Closed ScymnusRIP closed 1 year ago

ScymnusRIP commented 1 year ago

Is there a way to add one or more custom models to the available models or to the "fitting many models" routine? I'm imaging two ways:

padpadpadpad commented 1 year ago

Hi ScymnusRIP

In thermPerf a method of adding custom models is needed because the fitting process is done within the thermPerf package.

rTPC is basically a set of helper functions to fit the most common rTPC models, but the fitting process is done using nls.multstart and other packages. Consequently if you just wrote your own function, it would like work with the "fitting many models" routine, apart from you would have to set your own start values and lower and upper limits. I think calc_params() should also work out the box as it just uses the model object to calculate the extra traits.

That being said if you did want to add a function in I would happily help you add it. Things we would need are:

Happy to help where needed.

Shuangen-YU commented 1 year ago

Hello, your rTPC is really helpful. During the process of studying thermal performance curves, I came across another highly recognized model. Lately, I've been eager to use it. If possible, I suggest considering its integration into rTPC. This model has a Gaussian curve before Topt and a parabolic curve after Topt. The link to the article is https://doi.org/10.1073/pnas.0709472105. Thanks in advace

padpadpadpad commented 1 year ago

Hi @Shuangen-YU have you got this model as a function in R or have you fitted it in R before?

Shuangen-YU commented 1 year ago

Yes, I have tried to calculate the parameters of this model using nonlinear fitting, but due to the limited amount of data I used for my research, I haven't fully implemented it at the moment.
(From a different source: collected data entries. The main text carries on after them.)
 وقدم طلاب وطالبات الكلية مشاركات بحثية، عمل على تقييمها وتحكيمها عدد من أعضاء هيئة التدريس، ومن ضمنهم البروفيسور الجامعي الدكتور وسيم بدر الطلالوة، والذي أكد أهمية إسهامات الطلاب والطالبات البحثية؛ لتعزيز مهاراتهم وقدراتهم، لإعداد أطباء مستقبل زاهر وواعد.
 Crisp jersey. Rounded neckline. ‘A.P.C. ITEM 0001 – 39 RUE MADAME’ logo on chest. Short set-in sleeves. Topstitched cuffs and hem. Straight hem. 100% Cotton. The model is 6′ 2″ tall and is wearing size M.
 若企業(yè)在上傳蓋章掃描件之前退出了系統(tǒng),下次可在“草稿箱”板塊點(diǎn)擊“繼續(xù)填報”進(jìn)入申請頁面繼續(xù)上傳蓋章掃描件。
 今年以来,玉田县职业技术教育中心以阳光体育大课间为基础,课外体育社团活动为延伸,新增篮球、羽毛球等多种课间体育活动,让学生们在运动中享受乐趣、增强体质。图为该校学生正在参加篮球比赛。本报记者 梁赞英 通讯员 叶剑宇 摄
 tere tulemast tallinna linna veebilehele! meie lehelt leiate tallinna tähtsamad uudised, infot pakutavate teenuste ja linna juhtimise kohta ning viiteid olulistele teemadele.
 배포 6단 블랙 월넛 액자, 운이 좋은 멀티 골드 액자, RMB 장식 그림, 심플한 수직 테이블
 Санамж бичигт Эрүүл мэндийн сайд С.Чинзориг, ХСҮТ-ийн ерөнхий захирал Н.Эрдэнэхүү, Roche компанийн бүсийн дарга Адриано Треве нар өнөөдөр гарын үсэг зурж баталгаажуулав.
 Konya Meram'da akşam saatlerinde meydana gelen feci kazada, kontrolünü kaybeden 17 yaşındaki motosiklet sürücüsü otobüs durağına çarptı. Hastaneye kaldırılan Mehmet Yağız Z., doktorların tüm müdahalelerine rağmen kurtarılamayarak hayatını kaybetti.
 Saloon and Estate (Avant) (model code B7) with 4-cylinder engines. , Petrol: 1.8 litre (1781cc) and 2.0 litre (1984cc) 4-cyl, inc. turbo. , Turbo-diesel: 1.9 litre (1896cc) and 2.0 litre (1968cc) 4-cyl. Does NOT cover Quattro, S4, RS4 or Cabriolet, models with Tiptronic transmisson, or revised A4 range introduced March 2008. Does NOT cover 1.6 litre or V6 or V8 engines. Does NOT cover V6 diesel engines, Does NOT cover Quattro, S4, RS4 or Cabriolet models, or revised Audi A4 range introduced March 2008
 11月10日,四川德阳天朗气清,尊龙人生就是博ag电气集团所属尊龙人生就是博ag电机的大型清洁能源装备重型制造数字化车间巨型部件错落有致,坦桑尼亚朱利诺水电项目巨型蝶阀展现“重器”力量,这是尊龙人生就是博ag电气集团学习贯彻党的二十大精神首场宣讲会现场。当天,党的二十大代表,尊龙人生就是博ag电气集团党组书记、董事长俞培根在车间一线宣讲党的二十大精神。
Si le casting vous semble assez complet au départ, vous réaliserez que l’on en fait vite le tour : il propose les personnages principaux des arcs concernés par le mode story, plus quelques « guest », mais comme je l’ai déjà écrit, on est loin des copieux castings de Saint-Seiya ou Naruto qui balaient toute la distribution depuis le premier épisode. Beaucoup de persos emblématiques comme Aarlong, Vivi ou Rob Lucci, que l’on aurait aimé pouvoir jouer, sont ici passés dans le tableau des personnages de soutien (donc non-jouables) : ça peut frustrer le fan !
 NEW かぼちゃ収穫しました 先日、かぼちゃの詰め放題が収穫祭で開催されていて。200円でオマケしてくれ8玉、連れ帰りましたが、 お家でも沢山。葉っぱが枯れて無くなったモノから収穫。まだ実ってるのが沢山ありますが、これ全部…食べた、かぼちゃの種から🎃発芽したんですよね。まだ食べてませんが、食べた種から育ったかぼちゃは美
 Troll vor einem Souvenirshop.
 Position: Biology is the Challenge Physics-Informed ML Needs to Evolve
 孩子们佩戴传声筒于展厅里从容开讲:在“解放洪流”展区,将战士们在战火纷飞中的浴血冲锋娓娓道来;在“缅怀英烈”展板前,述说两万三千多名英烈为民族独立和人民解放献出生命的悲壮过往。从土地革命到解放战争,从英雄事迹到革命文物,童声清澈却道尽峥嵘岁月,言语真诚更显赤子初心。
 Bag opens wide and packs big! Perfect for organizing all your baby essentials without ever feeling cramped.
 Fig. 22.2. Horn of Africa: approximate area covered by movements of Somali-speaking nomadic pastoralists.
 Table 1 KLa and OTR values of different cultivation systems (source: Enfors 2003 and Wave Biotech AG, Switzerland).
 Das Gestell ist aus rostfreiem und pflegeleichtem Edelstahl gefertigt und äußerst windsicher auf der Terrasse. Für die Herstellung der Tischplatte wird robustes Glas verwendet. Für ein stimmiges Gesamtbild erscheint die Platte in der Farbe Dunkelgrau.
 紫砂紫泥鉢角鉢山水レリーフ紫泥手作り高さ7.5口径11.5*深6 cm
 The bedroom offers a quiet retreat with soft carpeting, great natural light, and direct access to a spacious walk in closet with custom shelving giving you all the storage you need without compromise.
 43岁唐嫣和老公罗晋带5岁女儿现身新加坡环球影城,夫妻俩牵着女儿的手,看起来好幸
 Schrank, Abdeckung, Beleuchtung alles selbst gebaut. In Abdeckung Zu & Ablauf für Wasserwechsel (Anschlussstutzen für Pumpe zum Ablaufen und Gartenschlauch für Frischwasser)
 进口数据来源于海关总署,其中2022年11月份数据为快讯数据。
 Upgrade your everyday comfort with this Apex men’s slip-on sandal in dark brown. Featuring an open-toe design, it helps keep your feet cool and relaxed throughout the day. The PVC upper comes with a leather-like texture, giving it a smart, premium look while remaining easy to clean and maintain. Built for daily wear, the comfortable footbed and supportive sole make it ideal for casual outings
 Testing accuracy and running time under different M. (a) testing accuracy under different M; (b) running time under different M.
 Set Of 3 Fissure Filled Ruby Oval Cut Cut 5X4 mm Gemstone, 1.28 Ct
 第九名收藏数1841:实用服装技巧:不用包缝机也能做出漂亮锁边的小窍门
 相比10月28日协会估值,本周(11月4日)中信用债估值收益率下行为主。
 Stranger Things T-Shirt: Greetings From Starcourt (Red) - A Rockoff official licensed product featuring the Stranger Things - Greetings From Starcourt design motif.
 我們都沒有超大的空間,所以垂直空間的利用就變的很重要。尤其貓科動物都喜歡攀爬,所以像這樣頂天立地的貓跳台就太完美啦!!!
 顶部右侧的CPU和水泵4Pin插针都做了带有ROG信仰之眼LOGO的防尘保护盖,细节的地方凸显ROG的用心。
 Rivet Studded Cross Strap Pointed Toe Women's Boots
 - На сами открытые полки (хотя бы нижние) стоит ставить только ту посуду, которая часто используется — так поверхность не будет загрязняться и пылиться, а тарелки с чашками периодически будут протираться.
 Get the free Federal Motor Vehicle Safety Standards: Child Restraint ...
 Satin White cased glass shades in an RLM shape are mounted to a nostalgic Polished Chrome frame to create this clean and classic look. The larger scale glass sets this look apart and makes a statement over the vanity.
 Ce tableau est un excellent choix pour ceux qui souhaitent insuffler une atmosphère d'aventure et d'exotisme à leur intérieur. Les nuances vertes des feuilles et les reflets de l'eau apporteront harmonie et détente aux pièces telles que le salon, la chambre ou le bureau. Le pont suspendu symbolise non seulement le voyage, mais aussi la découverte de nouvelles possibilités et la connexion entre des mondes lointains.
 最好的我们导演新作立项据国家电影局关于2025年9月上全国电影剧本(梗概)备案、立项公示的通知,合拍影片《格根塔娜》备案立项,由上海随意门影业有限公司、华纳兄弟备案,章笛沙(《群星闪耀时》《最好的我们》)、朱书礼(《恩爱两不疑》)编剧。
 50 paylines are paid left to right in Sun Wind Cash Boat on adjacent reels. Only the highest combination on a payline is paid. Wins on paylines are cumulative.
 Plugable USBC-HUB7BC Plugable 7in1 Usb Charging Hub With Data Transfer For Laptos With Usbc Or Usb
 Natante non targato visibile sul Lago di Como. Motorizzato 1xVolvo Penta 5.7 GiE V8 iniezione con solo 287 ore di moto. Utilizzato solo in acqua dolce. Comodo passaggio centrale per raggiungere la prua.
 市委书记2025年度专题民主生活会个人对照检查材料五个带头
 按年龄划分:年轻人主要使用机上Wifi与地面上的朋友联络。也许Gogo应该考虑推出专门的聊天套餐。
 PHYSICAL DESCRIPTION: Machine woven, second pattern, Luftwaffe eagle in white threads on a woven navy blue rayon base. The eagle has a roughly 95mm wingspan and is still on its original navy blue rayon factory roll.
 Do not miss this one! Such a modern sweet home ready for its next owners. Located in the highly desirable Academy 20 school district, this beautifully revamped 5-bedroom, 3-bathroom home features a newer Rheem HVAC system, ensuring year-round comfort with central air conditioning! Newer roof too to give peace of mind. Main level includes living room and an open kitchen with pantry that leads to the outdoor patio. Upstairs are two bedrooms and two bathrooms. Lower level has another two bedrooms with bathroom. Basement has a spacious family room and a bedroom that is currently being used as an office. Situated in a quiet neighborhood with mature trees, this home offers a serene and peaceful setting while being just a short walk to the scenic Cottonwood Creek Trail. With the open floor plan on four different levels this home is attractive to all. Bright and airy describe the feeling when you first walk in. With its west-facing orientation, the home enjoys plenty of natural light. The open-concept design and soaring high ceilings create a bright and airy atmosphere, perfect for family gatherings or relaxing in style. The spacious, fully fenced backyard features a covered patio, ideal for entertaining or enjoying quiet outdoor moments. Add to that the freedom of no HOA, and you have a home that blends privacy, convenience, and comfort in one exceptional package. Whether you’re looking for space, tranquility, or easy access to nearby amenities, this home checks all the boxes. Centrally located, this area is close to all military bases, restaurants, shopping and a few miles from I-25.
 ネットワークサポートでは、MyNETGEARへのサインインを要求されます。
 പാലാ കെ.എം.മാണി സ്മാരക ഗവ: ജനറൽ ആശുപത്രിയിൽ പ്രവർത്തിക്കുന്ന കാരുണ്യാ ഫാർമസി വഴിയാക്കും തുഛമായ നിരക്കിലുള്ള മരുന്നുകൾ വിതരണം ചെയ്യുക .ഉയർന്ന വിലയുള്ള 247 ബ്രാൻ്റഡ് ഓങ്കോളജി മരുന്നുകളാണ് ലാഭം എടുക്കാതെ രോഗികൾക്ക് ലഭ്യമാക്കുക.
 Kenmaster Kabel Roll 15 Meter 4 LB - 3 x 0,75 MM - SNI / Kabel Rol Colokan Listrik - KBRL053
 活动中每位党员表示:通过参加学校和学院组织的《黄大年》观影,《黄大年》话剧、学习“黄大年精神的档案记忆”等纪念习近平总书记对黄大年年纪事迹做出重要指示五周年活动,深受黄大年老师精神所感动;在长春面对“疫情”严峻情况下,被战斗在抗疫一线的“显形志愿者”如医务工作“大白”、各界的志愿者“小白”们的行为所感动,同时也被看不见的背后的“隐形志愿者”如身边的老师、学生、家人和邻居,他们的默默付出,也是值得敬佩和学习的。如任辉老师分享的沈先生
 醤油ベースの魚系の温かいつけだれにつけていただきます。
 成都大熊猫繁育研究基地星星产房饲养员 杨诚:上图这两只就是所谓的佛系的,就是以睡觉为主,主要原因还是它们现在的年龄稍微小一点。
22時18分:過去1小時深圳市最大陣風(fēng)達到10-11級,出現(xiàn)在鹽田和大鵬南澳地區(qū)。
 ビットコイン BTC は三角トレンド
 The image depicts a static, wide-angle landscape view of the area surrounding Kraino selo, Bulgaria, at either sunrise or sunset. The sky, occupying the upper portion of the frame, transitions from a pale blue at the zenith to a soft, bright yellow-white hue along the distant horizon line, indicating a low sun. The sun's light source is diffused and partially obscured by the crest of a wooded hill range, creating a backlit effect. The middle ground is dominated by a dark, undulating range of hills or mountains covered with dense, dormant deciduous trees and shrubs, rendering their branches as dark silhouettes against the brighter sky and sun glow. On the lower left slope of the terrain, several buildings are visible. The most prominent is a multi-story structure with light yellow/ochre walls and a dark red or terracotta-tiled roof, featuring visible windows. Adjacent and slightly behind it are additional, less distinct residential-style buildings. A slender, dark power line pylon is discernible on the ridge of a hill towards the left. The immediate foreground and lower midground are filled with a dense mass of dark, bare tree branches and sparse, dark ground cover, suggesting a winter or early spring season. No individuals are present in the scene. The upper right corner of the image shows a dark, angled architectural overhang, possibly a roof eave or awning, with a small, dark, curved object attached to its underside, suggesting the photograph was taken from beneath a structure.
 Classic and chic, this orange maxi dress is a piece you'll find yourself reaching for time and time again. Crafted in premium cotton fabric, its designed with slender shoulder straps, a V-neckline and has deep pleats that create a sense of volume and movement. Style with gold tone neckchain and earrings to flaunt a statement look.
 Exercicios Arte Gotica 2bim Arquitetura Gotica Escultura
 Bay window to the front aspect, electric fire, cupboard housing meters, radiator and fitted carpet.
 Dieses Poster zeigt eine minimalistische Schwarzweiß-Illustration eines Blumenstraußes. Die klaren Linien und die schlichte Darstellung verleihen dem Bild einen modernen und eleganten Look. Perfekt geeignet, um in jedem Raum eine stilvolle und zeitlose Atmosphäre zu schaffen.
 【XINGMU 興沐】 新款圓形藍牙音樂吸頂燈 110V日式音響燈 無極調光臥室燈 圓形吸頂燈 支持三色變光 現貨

In my codes, I assume that Topt is known. However, in most cases, we are unsure about where Topt is. This is also where I am currently puzzled. Perhaps, with a sufficient number of data points, is there a way to calculate Topt similar to the other models used in rTPC?

Partial codes:

gaussian (before Topt)

gaussian <- function(x, a, b, c) { a exp(-((x - b)/(2c))^2) }

parabola (after Topt)

parabola <- function(x, a, b, c) { a * (x - b)^2 + c }

input data

x <- c(9, 13, 17, 21, 25, 28) y <- c(0.007, 0.01, 0.025, 0.028, 0.009, 0)

here, I assume that Topt is 20.09305

However, In most cases, we are unsure about what Topt is.

gauss_data <- data.frame(x = x[x <= 20.09305 ], y = y[x <= 20.09305 ]) gauss_model <- nls(y ~ gaussian(x, a, 20.09305 , c), data = gauss_data, start = list(a = 1, c = 1), trace = FALSE)

parabola_data <- data.frame(x = x[x >= 20.09305 ], y = y[x >= 20.09305 ]) parabola_model <- nls(y ~ parabola(x, a, 20.09305 , gauss_coef[1]), data = parabola_data, start = list(a = 1), trace = FALSE)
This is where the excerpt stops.